Model Name	Shaberi AVG	ELYZA 100	JA MT Bench	Rakuda	Tengu
openrouter/quasar-alpha	9.20	9.41	9.01	9.42	8.97
gpt-4.5-preview-2025-02-27	9.19	9.50	8.85	9.56	8.86
gpt-4o-2024-11-20	9.15	9.34	9.10	9.55	8.60
deepseek-ai/DeepSeek-V3-0324	8.98	9.22	8.68	9.24	8.77
gemini-2.0-flash	8.83	8.75	8.77	9.48	8.33
meta-llama/Llama-4-Maverick-17B-128E-Instruct-FP8	8.64	8.54	8.81	9.14	8.08
meta-llama/Llama-3.1-405B-Instruct-FP8	8.41	8.52	8.42	9.07	7.63

While Llama 4 Maverick trails the top frontier models, these are all show high proficiency and are quite capable on regular Japanese tasks. Remember that while Maverick occupies a large amount of VRAM (basically a whole 8xH100 node is required to run it), it only uses 17B parameters per active pass, making it quite compute efficient. In this context, Maverick is performing quite respectably for its size. It’s also worth pointing out that Llama 4 Maverick performs better than Llama 3.1 405B Instruct (FP8) across the board on these evals.
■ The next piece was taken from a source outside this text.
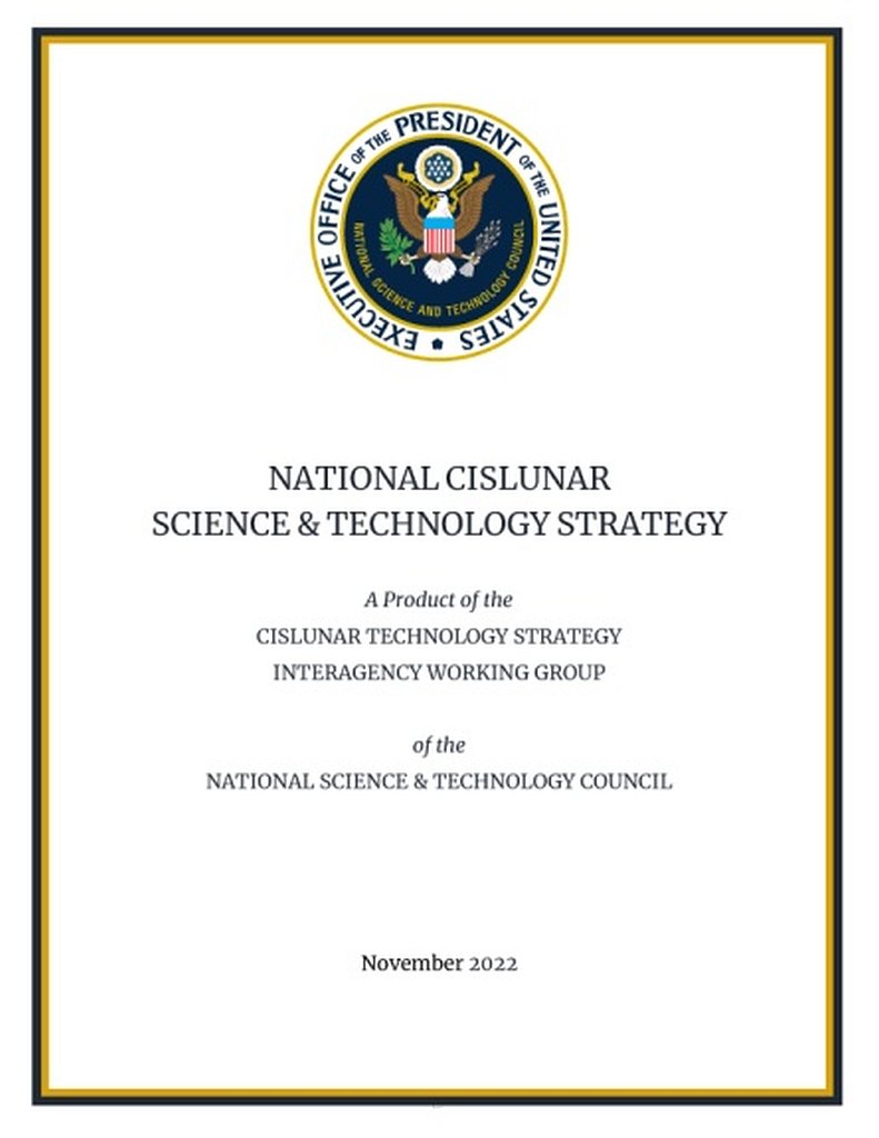 2022年11月,美国白宫科技政策办公室(OSTP)发布首份国家地月科学与技术战略(National Cislunar Science & Technology Strategy)(图1),旨在解决美国的科技领先地位如何支持所有航天国家和实体负责任、和平和可持续地开展地月空间探索与利用。

Perhaps more interesting though are the results of the Scout level models. While we don’t have numbers for Gemini 2.0 Flash Lite, we did throw in a few other models, including the prior Llama 3.1/3.3 models, a couple smaller models (Phi-4 14B, Gemma 3 12B), and of course our own shisa-v2 preview model:

Model Name	Shaberi AVG	ELYZA 100	JA MT Bench	Rakuda	Tengu
google/gemma-3-27b-it	8.53	8.53	8.71	8.85	8.03
mistralai/Mistral-Small-3.1-24B-Instruct-2503	8.51	8.56	8.63	9.12	7.74
microsoft/phi-4	8.48	8.49	8.65	9.11	7.68
google/gemma-3-12b-it	8.48	8.34	8.67	9.02	7.88
meta-llama/Llama-3.1-405B-Instruct-FP8	8.41	8.52	8.42	9.07	7.63
meta-llama/Llama-4-Scout-17B-16E-Instruct	8.35	8.07	8.54	8.94	7.86
meta-llama/Llama-3.3-70B-Instruct	8.28	8.09	8.76	8.88	7.40
shisa-ai/shisa-v2-llama-3.1-8b-preview	8.10	7.58	8.32	9.22	7.28
meta-llama/Llama-3.1-8B-Instruct	7.34	6.95	7.67	8.36	6.40

In these particular Japanese benchmarks, we can see that Llama 4 Scout is able to match Llama 3.3 70B and get within margin-of-error of Llama 3.1 405B. While not explicitly mentioned as supported, it’s clear that Llama 4’s native Japanese capabilities are an upgrade from Llama 3.

That being said, not only do Gemma 3 27B and Mistral Small 3.1 beat Llama 4 Scout, but also several smaller models as well. You can see that our shisa-v2 preview model performs quite well and is able to greatly improve on Llama 3.1 8B’s native performance. (It’s worth noting that we do not explicitly use any Shaberi benchmark specific training in our shisa-v2 training datasets, so we believe that our score results are a fair reflection of improved Japanese language proficiency.)

What we are seeing is that now in 2025, smaller models have a good level of Japanese proficiency, which is very different from the landscape even just one year ago.

That being said, these tests aren’t the end-all be-all of Japanese language proficiency and over the past few months, we’ve developed three new evals to test specific use cases: Japanese role-playing and character personas, Japanese/English translations, and Japanese instruction following. The latter especially is quite challenging and even the best frontier models do not come close to saturating this eval.

We’ve been using these evals for internal model development and plan on open sourcing these soon for the benefit of the Japanese LLM community when they are fully baked. For now, here’s a preview of the scores for two of these tests:

Model Name	shisa-jp-rp-bench	shisa-jp-ifeval
gpt-4.5-preview-2025-02-27	4.76	0.640
openrouter/quasar-alpha	4.76	0.720
deepseek-ai/DeepSeek-V3-0324	4.73	0.593
gpt-4o-2024-11-20	4.71	0.533
gemini-2.0-flash	4.70	0.513
meta-llama/Llama-4-Maverick-17B-128E-Instruct-FP8	4.70	0.533
google/gemma-3-27b-it	4.67	0.567
shisa-ai/shisa-v2-llama-3.1-8b-preview	4.66	0.253
meta-llama/Llama-3.3-70B-Instruct	4.65	0.347
google/gemma-3-12b-it	4.64	0.347
meta-llama/Llama-3.1-405B-Instruct-FP8	4.63	0.447
mistralai/Mistral-Small-24B-Instruct-2501	4.55	0.387
meta-llama/Llama-4-Scout-17B-16E-Instruct	4.55	0.380
microsoft/phi-4	4.55	0.353
meta-llama/Llama-3.1-8B-Instruct	4.13	0.160

While the rankings are broadly similar, we believe that having more challenging, non-saturated evals are required to more accurately assess and improve Japanese language capabilities. Keep an eye out for more releases/publications from us very soon!